HIV stigma is when people have negative attitudes and judgements about people with HIV, or people from groups associated with HIV. For instance, if you are gay or trans, use drugs or are just young and sexually active, you might experience HIV stigma, whether you have HIV or not. But anyone can have HIV. It is not just certain groups that HIV affects.
HIV can be passed on through unprotected sex. Mothers with HIV can pass it to their babies during pregnancy, childbirth and breastfeeding (if they don’t take treatment), so some people are born with HIV. It can also be passed on by injecting drugs. No matter how someone gets HIV – it is still just a medical condition – there is no more reason for someone to be shamed for it than if they had caught malaria. It’s not okay to treat anyone badly because of a medical condition.
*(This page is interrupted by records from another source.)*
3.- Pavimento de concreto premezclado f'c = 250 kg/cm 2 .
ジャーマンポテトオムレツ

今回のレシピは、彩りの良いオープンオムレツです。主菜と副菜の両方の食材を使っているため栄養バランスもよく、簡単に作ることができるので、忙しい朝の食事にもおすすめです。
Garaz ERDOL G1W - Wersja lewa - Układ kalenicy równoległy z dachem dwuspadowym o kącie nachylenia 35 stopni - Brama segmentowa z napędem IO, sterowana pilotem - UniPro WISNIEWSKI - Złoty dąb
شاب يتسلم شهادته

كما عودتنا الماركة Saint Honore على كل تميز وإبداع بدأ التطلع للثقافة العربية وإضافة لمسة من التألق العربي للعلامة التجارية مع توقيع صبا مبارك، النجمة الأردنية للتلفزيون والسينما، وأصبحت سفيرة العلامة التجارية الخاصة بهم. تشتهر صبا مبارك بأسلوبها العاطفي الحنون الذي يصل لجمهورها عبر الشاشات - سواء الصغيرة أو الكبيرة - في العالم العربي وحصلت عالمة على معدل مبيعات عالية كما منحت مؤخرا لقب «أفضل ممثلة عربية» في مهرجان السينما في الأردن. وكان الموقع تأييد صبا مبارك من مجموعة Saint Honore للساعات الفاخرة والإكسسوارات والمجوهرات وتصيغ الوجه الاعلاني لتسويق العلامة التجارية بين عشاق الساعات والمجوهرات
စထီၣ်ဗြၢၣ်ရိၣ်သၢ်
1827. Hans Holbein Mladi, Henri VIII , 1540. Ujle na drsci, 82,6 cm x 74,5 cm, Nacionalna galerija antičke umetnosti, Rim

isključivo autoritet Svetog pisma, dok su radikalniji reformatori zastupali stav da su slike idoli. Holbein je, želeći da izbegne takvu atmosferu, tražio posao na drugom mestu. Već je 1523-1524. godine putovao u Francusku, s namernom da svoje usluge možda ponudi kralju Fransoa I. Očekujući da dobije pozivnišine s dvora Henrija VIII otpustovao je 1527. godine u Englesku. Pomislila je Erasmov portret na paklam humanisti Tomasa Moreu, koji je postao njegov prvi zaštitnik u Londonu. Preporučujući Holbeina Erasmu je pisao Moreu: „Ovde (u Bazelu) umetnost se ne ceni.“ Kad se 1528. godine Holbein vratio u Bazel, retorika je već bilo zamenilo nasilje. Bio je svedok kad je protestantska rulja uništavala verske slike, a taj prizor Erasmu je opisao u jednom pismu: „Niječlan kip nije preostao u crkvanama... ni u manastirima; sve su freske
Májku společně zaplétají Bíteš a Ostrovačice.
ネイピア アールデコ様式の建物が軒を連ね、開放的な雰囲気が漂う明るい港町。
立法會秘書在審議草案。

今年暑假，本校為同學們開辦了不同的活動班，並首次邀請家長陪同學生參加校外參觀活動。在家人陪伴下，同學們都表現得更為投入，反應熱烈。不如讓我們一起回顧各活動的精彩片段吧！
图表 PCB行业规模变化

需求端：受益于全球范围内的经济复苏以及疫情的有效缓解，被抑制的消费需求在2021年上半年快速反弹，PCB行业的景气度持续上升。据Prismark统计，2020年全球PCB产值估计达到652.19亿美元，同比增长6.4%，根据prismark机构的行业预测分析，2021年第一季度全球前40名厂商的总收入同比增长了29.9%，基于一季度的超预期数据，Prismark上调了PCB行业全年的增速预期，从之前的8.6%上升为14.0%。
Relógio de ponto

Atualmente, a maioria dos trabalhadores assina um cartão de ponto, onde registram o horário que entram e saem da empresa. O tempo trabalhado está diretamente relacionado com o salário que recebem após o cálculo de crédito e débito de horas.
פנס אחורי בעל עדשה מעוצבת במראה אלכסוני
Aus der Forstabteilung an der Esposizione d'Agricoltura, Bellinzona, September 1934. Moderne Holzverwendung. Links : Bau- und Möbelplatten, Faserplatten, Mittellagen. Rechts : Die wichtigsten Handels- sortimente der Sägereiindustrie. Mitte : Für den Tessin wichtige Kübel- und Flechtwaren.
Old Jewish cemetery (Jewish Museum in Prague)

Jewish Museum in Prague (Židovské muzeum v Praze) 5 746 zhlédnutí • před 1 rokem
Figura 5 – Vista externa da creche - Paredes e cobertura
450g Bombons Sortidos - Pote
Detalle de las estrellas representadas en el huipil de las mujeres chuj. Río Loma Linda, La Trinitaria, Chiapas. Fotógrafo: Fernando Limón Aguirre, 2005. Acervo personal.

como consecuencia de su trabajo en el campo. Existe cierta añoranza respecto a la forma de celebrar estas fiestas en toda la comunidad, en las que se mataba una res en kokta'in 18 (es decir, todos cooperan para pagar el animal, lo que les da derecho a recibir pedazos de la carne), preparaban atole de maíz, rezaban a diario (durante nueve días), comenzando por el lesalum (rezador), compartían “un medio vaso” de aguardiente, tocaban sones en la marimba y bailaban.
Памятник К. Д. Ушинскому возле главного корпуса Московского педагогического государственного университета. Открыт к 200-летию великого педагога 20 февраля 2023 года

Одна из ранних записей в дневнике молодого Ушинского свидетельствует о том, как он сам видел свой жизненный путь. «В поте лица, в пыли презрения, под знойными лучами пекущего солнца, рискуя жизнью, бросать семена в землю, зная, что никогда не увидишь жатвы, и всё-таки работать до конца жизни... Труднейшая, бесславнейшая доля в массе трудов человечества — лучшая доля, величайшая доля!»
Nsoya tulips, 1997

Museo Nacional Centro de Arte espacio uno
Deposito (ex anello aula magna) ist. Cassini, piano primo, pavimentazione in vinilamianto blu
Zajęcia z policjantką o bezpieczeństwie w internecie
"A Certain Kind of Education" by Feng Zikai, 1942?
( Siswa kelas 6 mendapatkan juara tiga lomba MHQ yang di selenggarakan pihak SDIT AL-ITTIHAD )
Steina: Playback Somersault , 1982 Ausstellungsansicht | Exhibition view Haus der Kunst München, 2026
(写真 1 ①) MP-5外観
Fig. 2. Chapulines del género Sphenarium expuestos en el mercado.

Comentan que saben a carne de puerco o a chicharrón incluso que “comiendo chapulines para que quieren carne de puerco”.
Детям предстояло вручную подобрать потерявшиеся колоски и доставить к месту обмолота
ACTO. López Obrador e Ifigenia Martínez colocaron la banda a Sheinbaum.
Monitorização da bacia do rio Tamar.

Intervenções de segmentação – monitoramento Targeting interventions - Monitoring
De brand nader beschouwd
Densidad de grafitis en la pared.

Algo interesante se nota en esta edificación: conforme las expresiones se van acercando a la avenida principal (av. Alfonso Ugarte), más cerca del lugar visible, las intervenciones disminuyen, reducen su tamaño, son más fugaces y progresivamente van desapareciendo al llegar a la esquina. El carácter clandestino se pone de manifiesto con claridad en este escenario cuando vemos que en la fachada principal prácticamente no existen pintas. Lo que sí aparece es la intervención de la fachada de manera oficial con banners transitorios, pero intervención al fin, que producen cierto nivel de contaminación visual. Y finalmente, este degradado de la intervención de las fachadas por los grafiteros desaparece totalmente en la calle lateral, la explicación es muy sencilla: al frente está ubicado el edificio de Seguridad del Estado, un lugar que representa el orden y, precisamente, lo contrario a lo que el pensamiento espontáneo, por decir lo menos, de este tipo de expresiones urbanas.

When the HIV epidemic started, little was known about how HIV was passed on. This made people afraid of people with HIV. But it is now proven that HIV cannot be passed on through things like touching or kissing. And if you are on effective treatment you cannot even pass HIV on through sex. But if people lack this information, they are more likely to have fear and stigmatising attitudes about HIV.
HIV discrimination comes from HIV stigma. It is what happens when people (or society in general) treat people with HIV (or groups linked to HIV) differently to other people.
HIV stigma and discrimination can happen in any area of life, including within romantic relationships, family relationships, friendships, at school, at university, at work, in church or in social settings, even in healthcare clinics.